# TASK ITEM:
What is needed is a word-for-word copy of the lines below from the one with "Bhowali (85 km)" through the one with "假设 : 当 Bean_A", both included, with every picture left out.

# RECORD EXCERPTS:

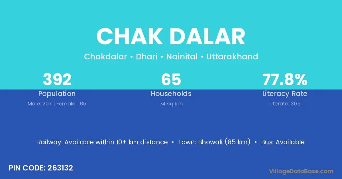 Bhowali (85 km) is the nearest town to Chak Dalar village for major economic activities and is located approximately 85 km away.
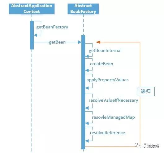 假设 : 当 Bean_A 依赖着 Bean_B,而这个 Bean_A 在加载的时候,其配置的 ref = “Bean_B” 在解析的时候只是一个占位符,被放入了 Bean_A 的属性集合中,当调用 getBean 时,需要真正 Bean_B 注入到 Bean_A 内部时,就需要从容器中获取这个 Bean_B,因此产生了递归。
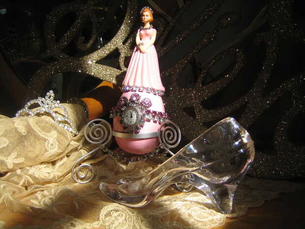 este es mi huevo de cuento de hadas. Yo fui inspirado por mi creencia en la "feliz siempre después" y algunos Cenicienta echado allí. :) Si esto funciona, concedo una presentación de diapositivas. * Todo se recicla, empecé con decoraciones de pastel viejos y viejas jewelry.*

--

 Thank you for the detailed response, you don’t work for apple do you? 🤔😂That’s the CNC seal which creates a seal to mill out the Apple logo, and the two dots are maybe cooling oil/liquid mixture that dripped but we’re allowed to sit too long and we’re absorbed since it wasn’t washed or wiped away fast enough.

# RESPONSE:
 Bhowali (85 km) is the nearest town to Chak Dalar village for major economic activities and is located approximately 85 km away.
 假设 : 当 Bean_A 依赖着 Bean_B,而这个 Bean_A 在加载的时候,其配置的 ref = “Bean_B” 在解析的时候只是一个占位符,被放入了 Bean_A 的属性集合中,当调用 getBean 时,需要真正 Bean_B 注入到 Bean_A 内部时,就需要从容器中获取这个 Bean_B,因此产生了递归。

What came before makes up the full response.